_Required action:_
Only the pictures are to be dropped; the rest of the data below is to be duplicated exactly.

_Data segment:_
•••••

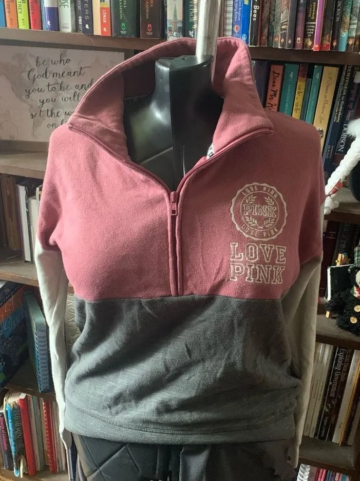 Victoria’s Secret Pink color block, muted colors, 1/4 zip, cozy pullover sweatshirt. Pairs well with... Show more
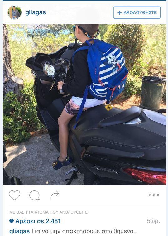 Ο Γιώργος Λιάγκας απαθανάτισε τον μεγάλο του γιο, Γιάννη, ανεβασμένο σε σταθμευμένο scooter.
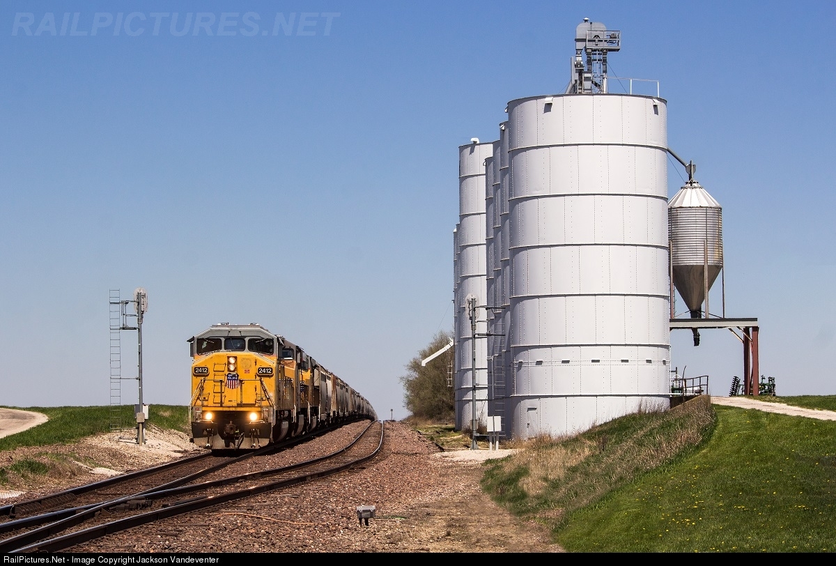 UP GSHDNA, a southbound grain train, gets back on the move out of Block after waiting for a track inspector. This train will once again ease to a halt just north of Villa Grove at "Garbage Dump Road," where the inbound crew will await their outbound. Leading the way is UP 2412, an SD60M, and in third is a UP SD9043MAC, number 3750. Both of these units have recently been pulled from storage to assist in large freight volume.
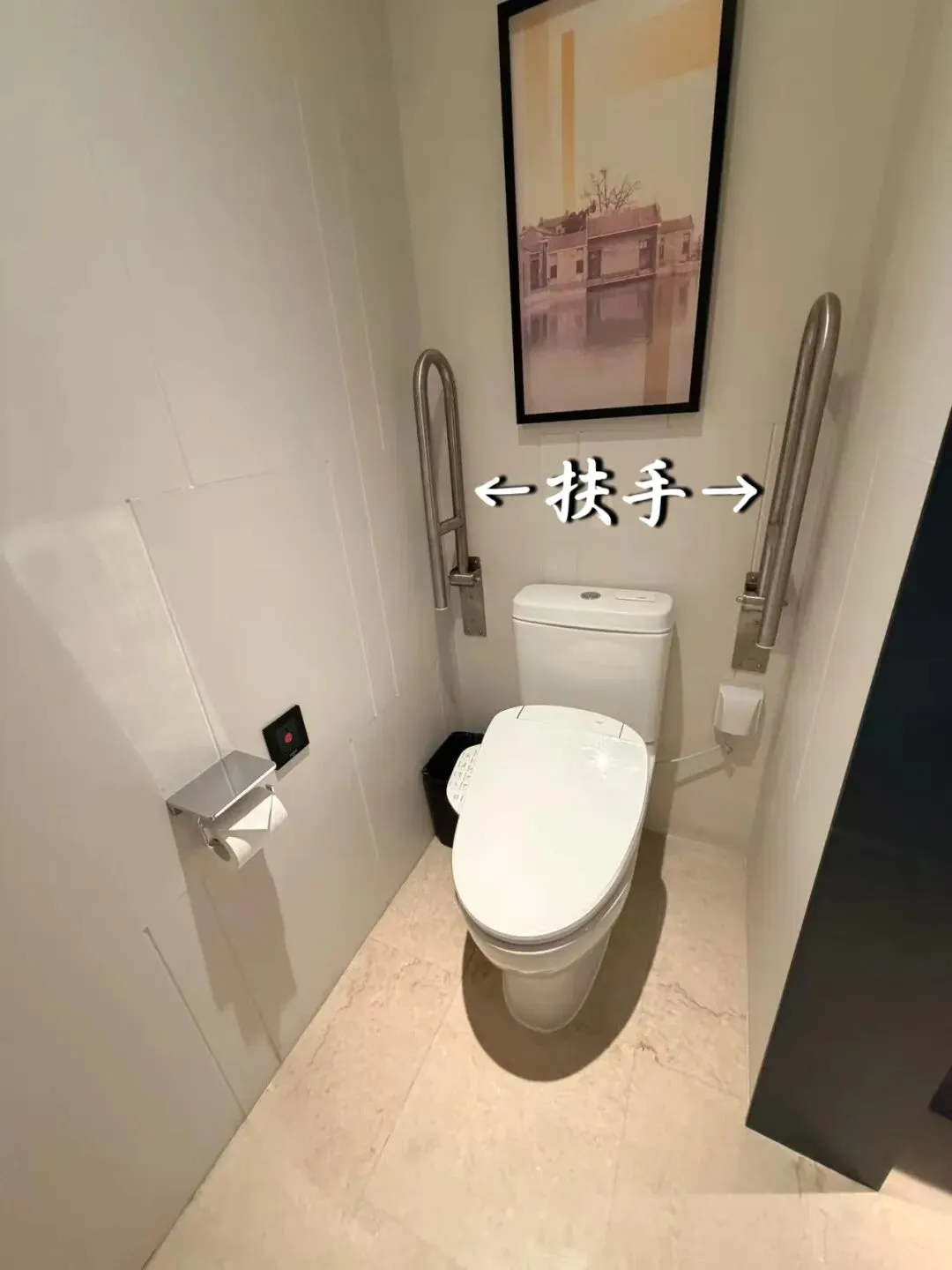 马桶两侧都有扶手,适合借力转移。

•••••

_Written answer:_
 Victoria’s Secret Pink color block, muted colors, 1/4 zip, cozy pullover sweatshirt. Pairs well with... Show more
 Ο Γιώργος Λιάγκας απαθανάτισε τον μεγάλο του γιο, Γιάννη, ανεβασμένο σε σταθμευμένο scooter.
 UP GSHDNA, a southbound grain train, gets back on the move out of Block after waiting for a track inspector. This train will once again ease to a halt just north of Villa Grove at "Garbage Dump Road," where the inbound crew will await their outbound. Leading the way is UP 2412, an SD60M, and in third is a UP SD9043MAC, number 3750. Both of these units have recently been pulled from storage to assist in large freight volume.
 马桶两侧都有扶手,适合借力转移。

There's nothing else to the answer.